My rating: 4 of 5 stars
In a clever imagining of the first presentation of William Shakespeare's A Midsummer Night's Dream, Bernard Cornwell's Fools and Mortals tells the story of The Lord Chamberlain's Men through the eyes of Richard Shakespeare, William's younger brother. Cornwell's story provides an excellent overview of the society of the day, including the Catholic/Protestant religious strife, Elizabethan manners, filthy environment, rampant disease, sexual perversions, and the ease with which one might find oneself being hanged.
Richard is a small player in the company run by William and has been relegated to playing women's roles. He's also a small-time thief. Playing only women's roles is starting to grate on Richard. He desires more substantial men's roles. However, William views his younger brother as an annoyance.
A new playhouse is being built south of the Thames and the financiers are managing to get their hands on everything that they need except plays to perform.

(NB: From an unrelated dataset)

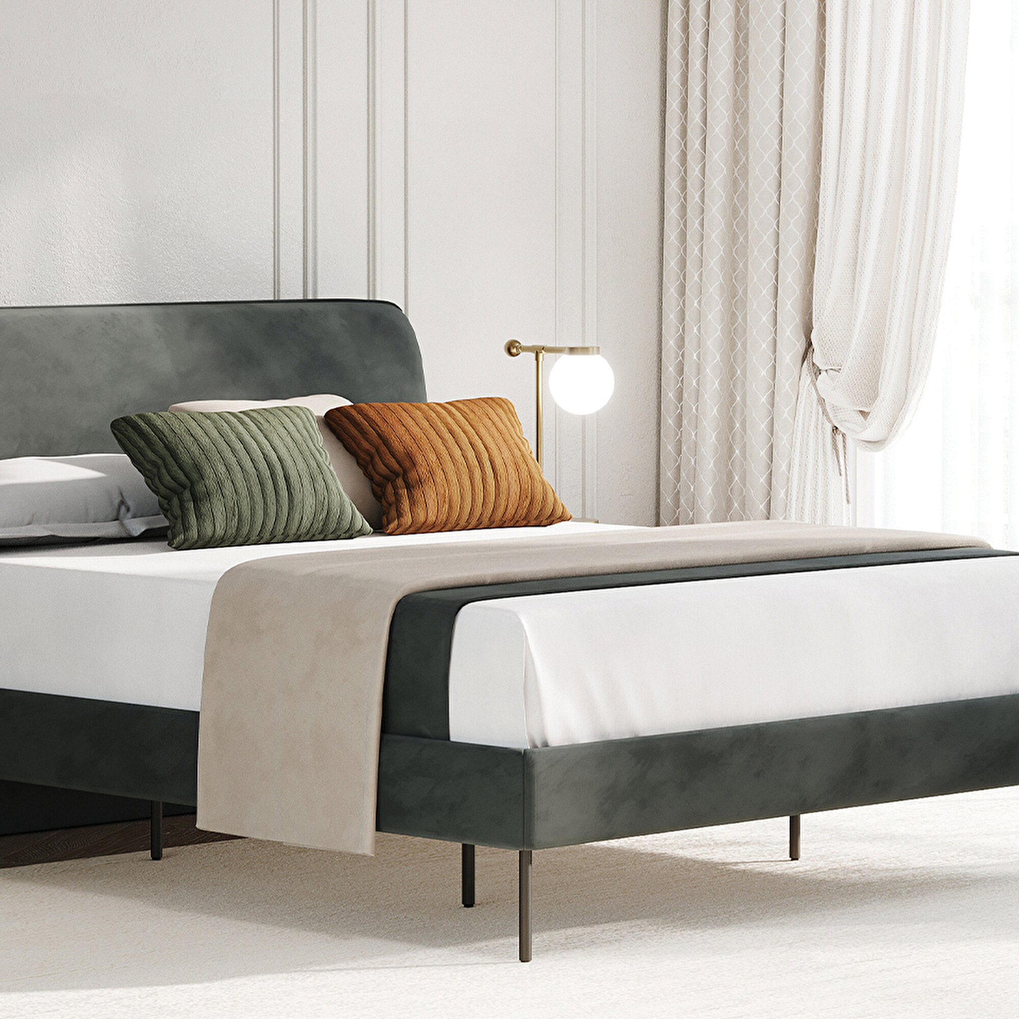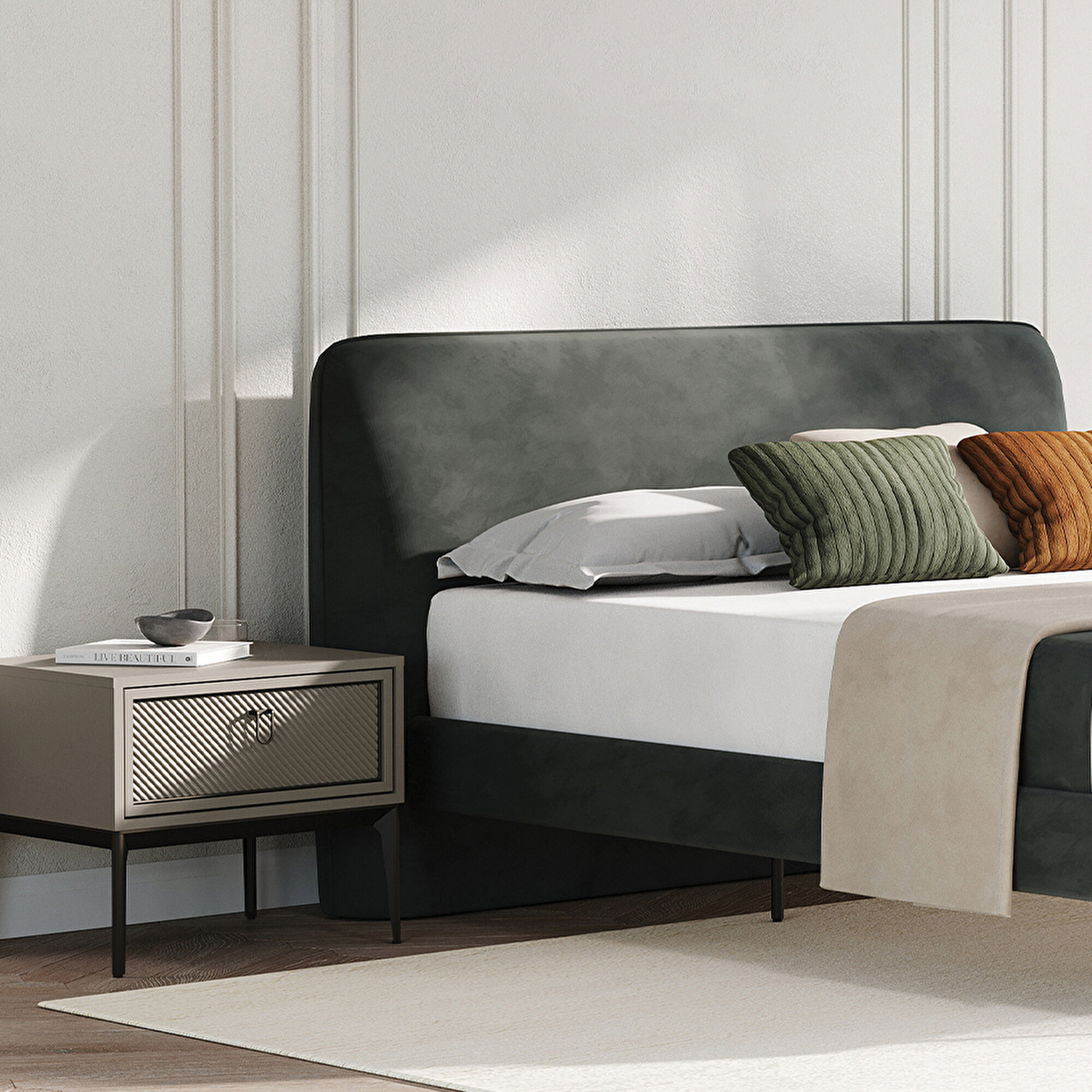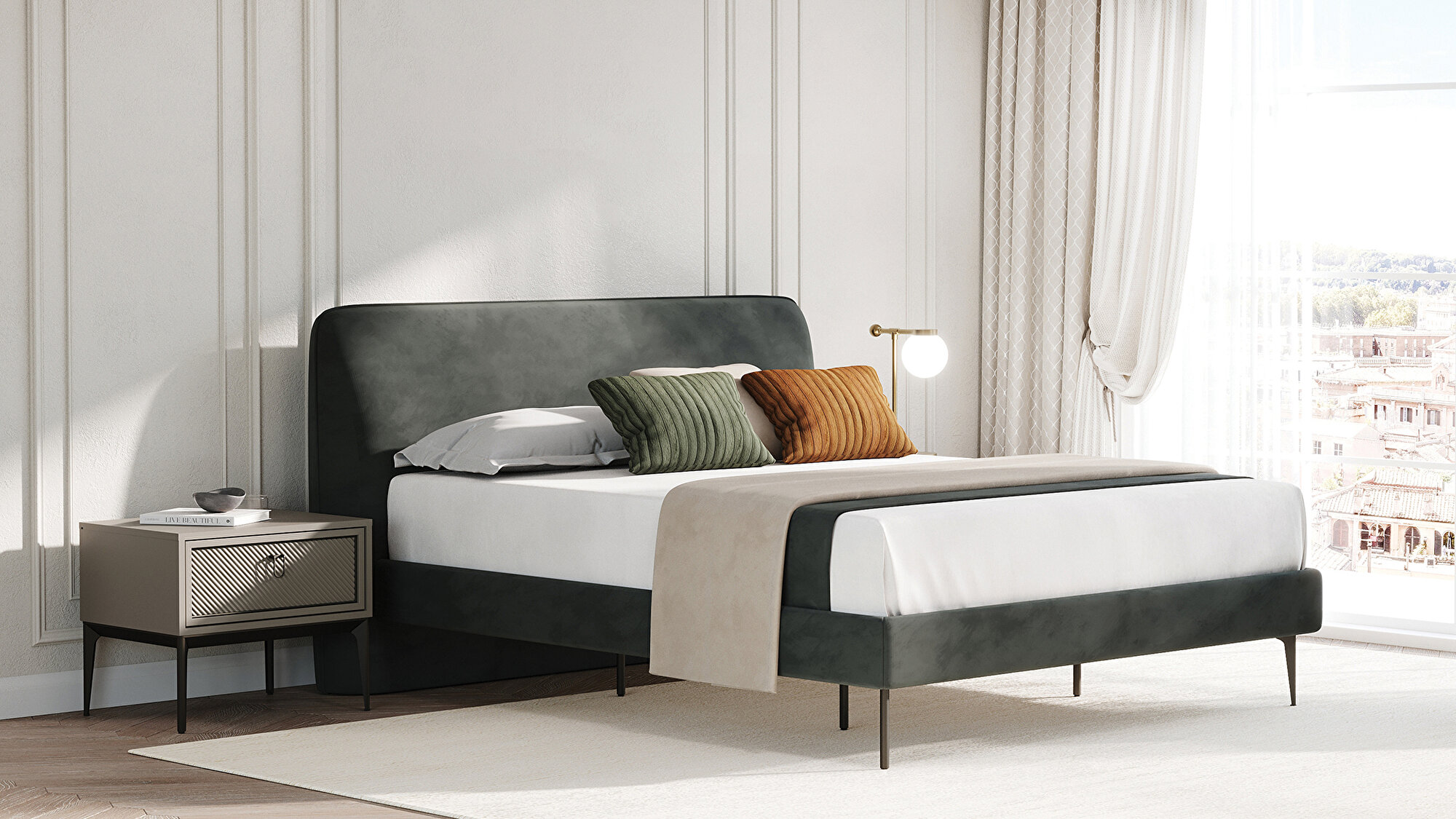 While the HERA BEDRAME with HEADBOARD offers a unique look with its piping applied headboard, it strengthens the modern design approach with its metal legs. Combining elegance and durability, HERA BEDRAME with HEADBOARD fits perfectly into modern decoration style with every detail.

They devise a plan to abscond with William's plays, A Midsummer's Night and William's new one about a pair of star-crossed lovers in Verona, Italy, and perform them before William has a chance to play them before a public audience. Their plans include Richard.

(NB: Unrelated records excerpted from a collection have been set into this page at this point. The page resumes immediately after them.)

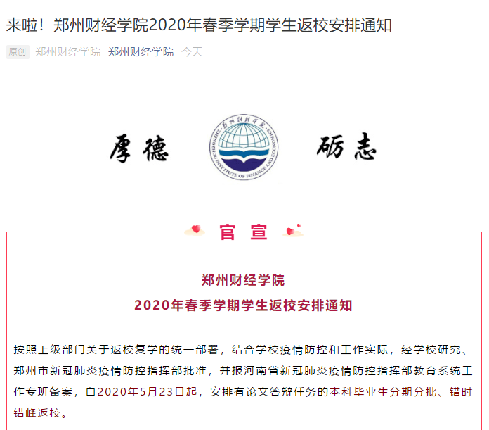 河南又有两所高校宣布返校复学时间!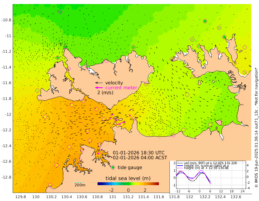 117cm/s 77T +4cm/s rms + 6cm/s 51T. Darwin_C1 52m 82cm/s 86T +4cm/s rms + 7cm/s -161T. Darwin_CW1 22m 51cm/s 75T +4cm/s rms + 8cm/s 61T. Darwin_CW2 34m 53cm/s 46T +3cm/s rms + 9cm/s 98T. Darwin_CW3 22m 71cm/s 89T +5cm/s rms + 7cm/s 88T. Darwin_C3 56m 70cm/s 63T +2cm/s rms + 9cm/s -126T. Darwin_CTbW 22m 24cm/s 86T +1cm/s rms + 1cm/s -47T. DARBGF 30m 24cm/s 110T +4cm/s rms + 3cm/s 80T. NRSDAR 19m 8cm Goodrich Bank 126cm Point Jenny 126cm Native Point 136cm Fish Reef 140cm Tapa Bay 65cm Point Fawcett (Offshore) 152cm Burge Point 129cm Munkunuwa 112cm Beagle A 155cm Parsons Bank 148cm Fenton Patches 145cm Hancox Shoal Area 146cm Nightcliff 163cm Darwin 147cm Charles Point Patches 118cm Glyde Point 71cm Chambers Bay 78cm Point Stuart 100cm Cape Hotham 68cm Christine Reef 77cm West Alligator Head 61cm East Field Island 79cm Two Hills Bay 76cm Camp Point 136cm Medina Inlet South 60cm South Barlow Point 32cm St. Asaph Bay 15cm Cape Van Dieman 23cm Snake Bay 17cm Cache Point 28cm Point Jahleel (Off) 63cm Cape Don 45cm Port Essington 45cm Smith Point - West 47cm NW Peacock Island 22cm North Of Jones Shoal 11cm Peacock Island 77cm Point David 55cm D'urville Point 78cm Copeland Island 68cm One Tree Point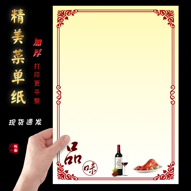 菜单纸a4菜谱打印纸o内页内芯纸双面印刷手写塑封餐饮饭店菜单单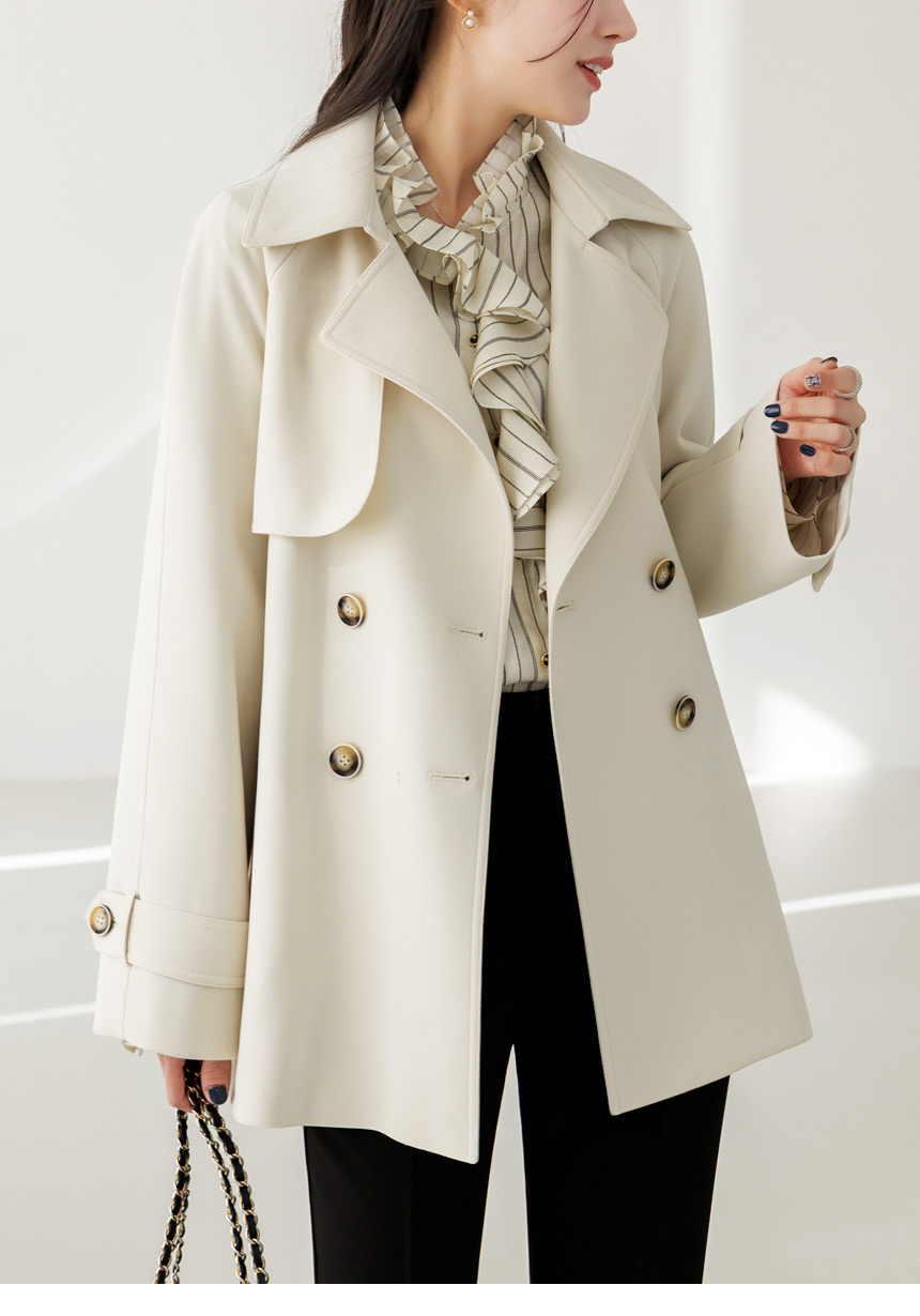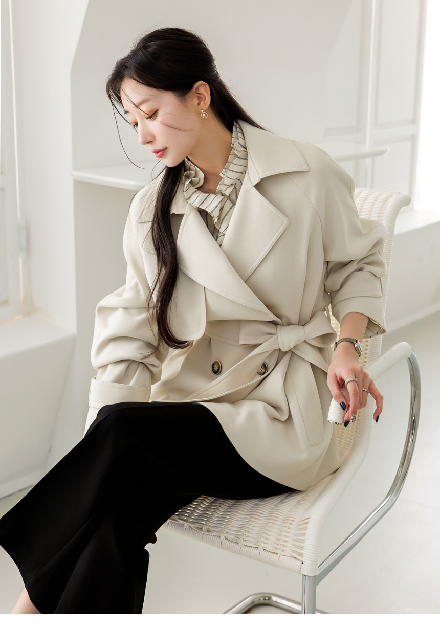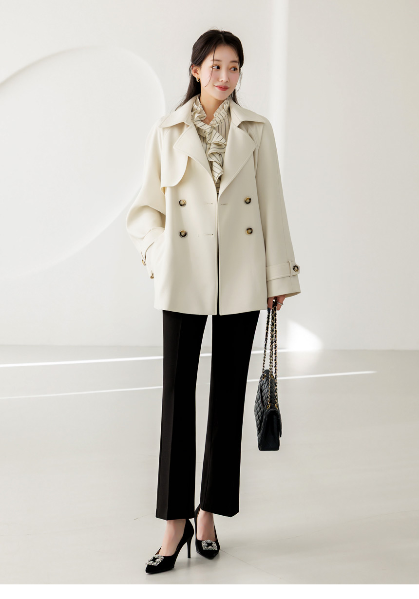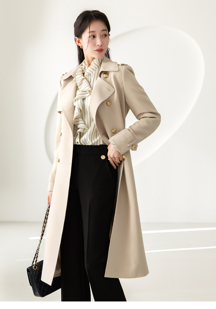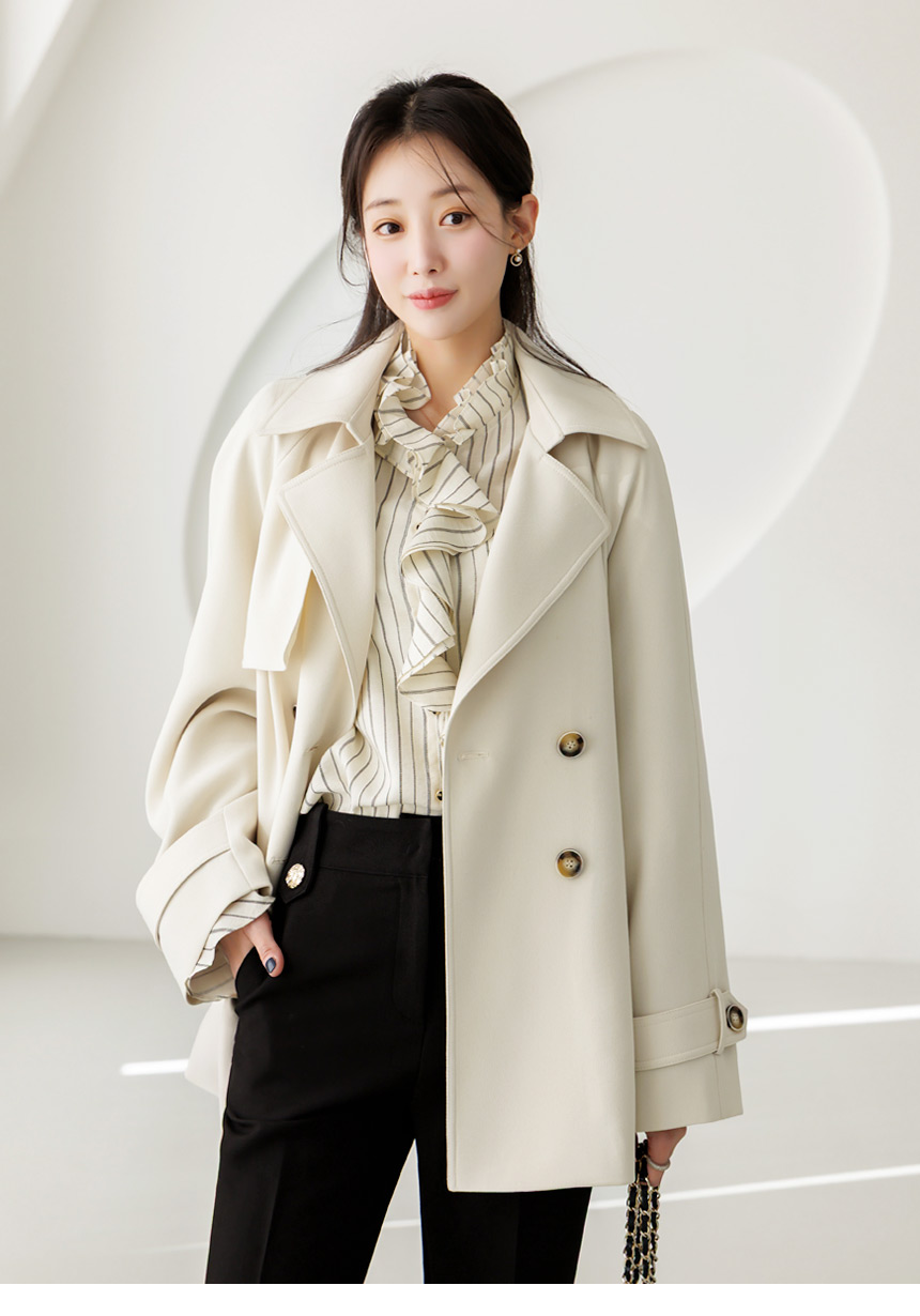 [Featuring refined stripe lines and a petal-like ruffle neckline that frames the face beautifully. The soft drape and flared cuffs create a graceful silhouette, offering effortless elegance for everyday outfits or elevated workwear looks.]

When Richard finds himself suspected by William and the rest of The Lord Chamberlain's Men of involvement in the plays' thefts, Richard sees that the only way he can get back into William's good graces is to recover them himself, and the dangers he faces in doing so are very real.

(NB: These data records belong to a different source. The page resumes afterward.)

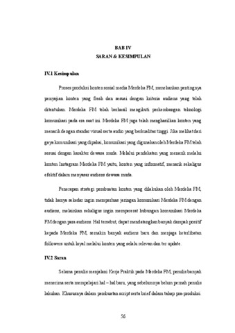Penelitian ini membahas peran produksi konten dalam upaya Radio Merdeka FM (@merdekafm) beradaptasi dengan era digital dan memperluas jangkauan ke platform media sosial, khususnya Instagram dan TikTok. Merdeka FM menargetkan audiens dewasa muda, dengan fokus konten pada isu-isu seputar dunia kerja dan "Budak Korporat". Tujuan utama kerja praktik adalah untuk menerapkan dan mengembangkan keterampilan teknis editing video, serta memahami proses produksi konten audio-visual yang melibatkan tahapan Pra-Produksi, Produksi, dan Pasca-Produksi. Penulis terlibat aktif dalam produksi dan editing berbagai jenis konten, termasuk Podcast Singkat, Konten Repost, Konten Teks, dan Konten Design Carousel. Hasilnya menunjukkan bahwa Merdeka FM berhasil menerapkan strategi produksi konten yang efektif dan konsisten, menghasilkan konten yang fresh, menarik, dan informatif yang sesuai dengan karakter audiens dewasa muda, sekaligus memperkuat keterlibatan followers.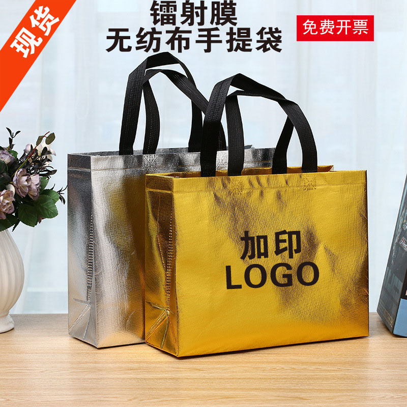 メーカー現物金銀色折り畳み不織布手提げ袋カラー印刷膜不織布袋レーザー袋ギフトバッグ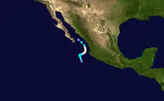 The precursor tropical disturbance produced locally heavy rainfall along the south coast of Mexico.[15] Authorities in Mexico closed the port at Acapulco to small fishing and recreational boats, and advised larger craft to use caution.[16] Damage from the storm, if any, is unknown.

Fools and Mortals has romance, history, intrigue, and thrills. Cornwell's descriptions of English city life during Elizabethan times is well integrated into the narrative. His looks behind the curtain at theater practices is comprehensive, and the players characters are greatly revealed through how they deal with the management of the troupe, how they go about preparing for their parts, even to their individual superstition practices before going onstage.
If you like history, theater, or just a plain old thriller, Fools and Mortals should suffice nicely.